[Exercise data — start]

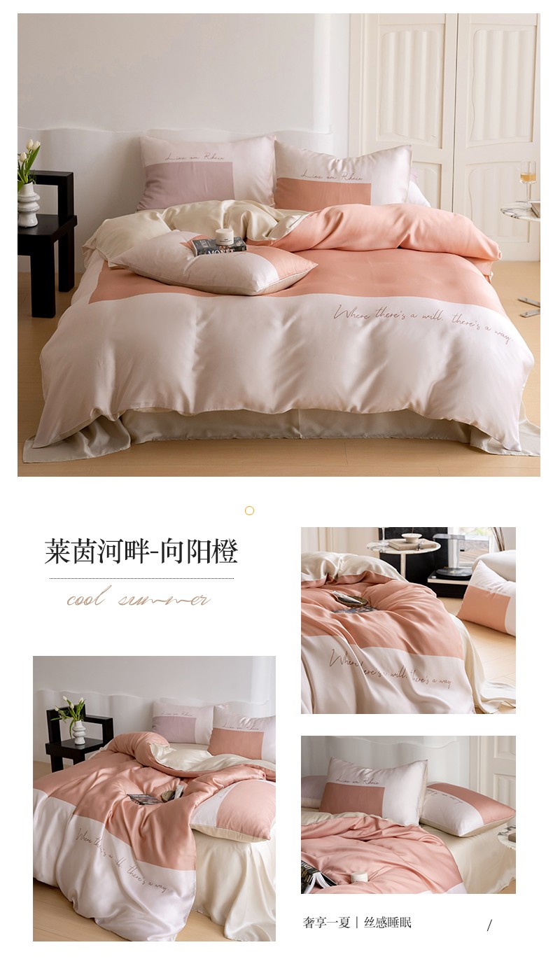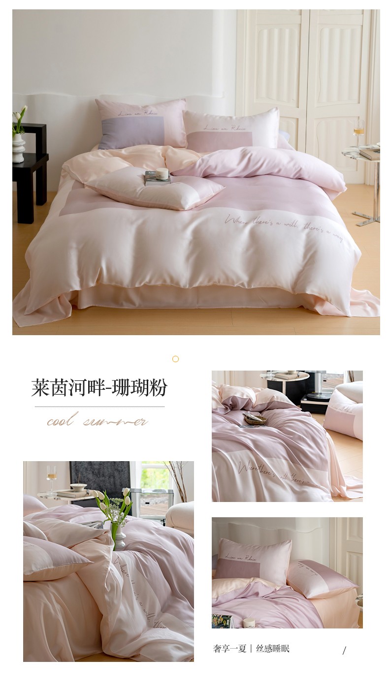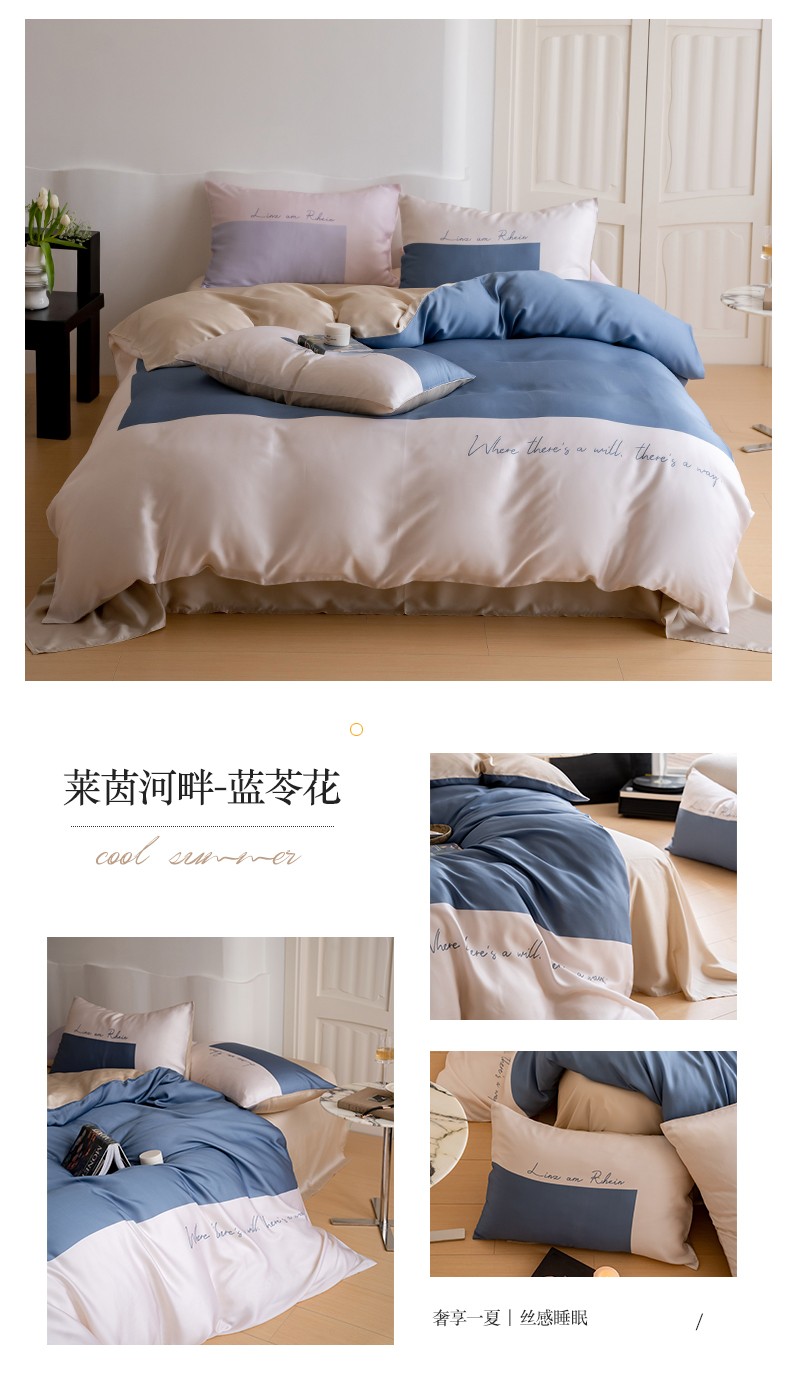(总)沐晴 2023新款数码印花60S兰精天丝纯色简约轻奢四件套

[Exercise data — finish]
[Exercise data — start]

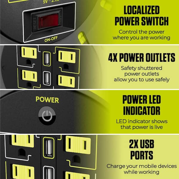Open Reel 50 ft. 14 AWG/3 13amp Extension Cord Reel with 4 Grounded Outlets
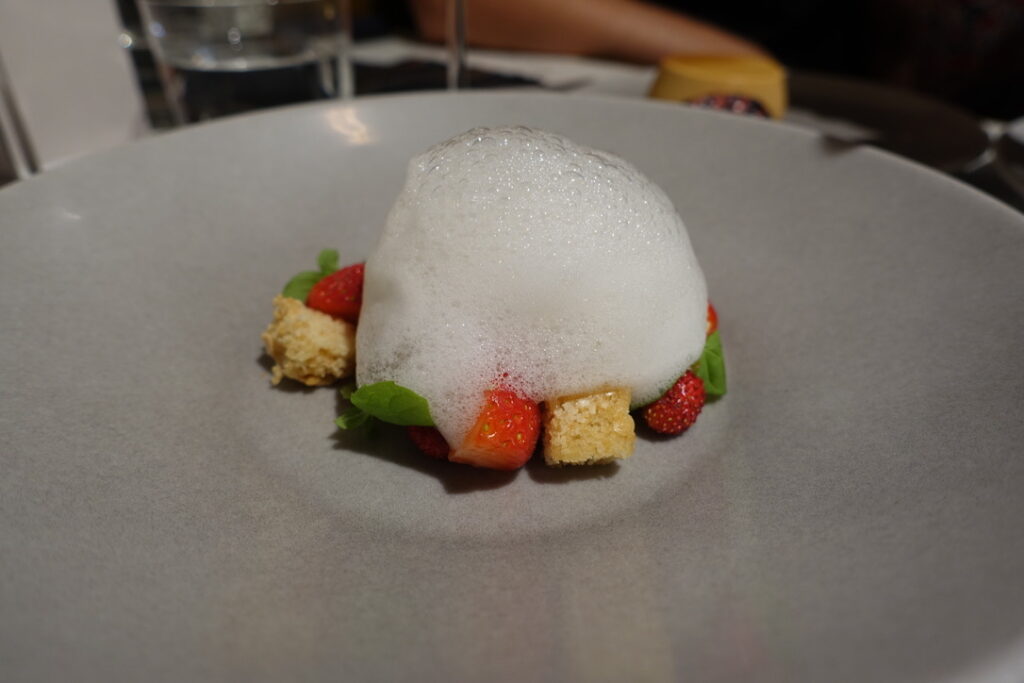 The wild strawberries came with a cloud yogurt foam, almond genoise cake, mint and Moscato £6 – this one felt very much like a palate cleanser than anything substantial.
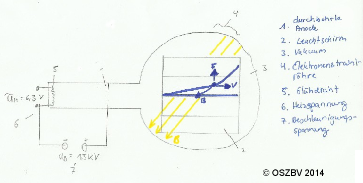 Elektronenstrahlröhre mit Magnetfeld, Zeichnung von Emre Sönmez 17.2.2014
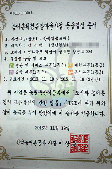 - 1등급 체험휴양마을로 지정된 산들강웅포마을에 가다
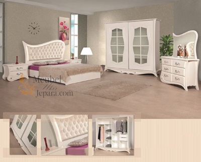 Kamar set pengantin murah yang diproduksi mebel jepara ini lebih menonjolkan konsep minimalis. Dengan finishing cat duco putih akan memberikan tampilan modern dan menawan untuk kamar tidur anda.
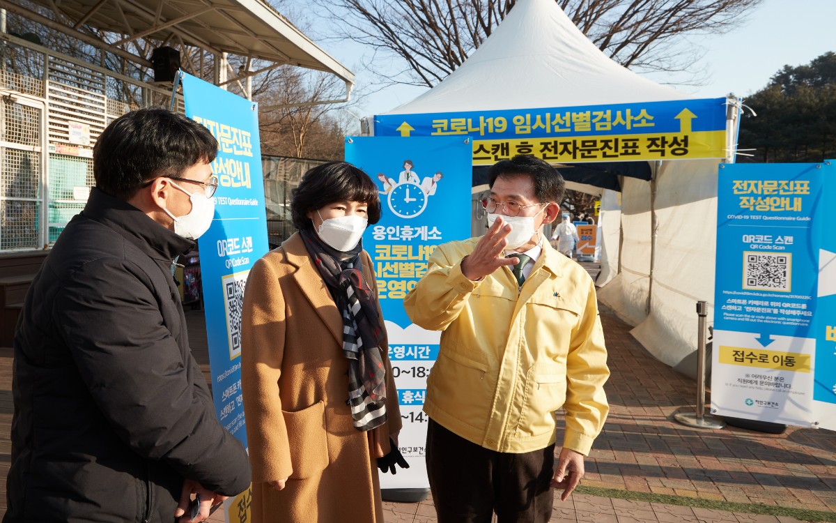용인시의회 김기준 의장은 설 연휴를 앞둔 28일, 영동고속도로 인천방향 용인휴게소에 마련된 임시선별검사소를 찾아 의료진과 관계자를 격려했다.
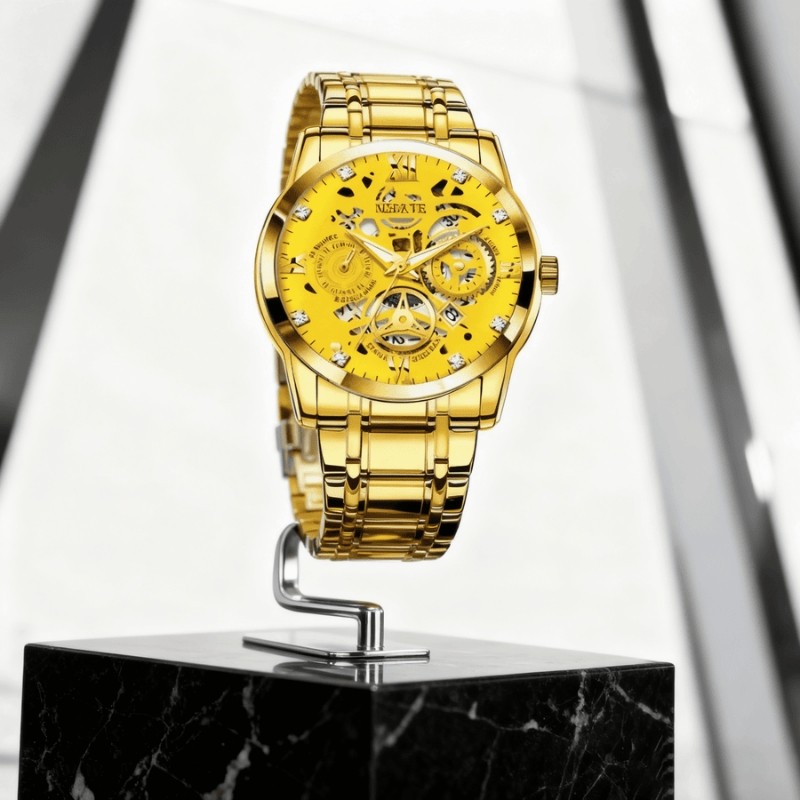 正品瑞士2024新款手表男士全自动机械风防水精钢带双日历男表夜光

[Exercise data — finish]

After locating the line containing "용인시의회 김기준 의장은" in the entries above, return it and every line after it exactly, ending at the line containing "正品瑞士2024新款手表男士全自动机械风防水精钢带双日历男表夜光", without pictures.

[Exercise output]:
용인시의회 김기준 의장은 설 연휴를 앞둔 28일, 영동고속도로 인천방향 용인휴게소에 마련된 임시선별검사소를 찾아 의료진과 관계자를 격려했다.
 正品瑞士2024新款手表男士全自动机械风防水精钢带双日历男表夜光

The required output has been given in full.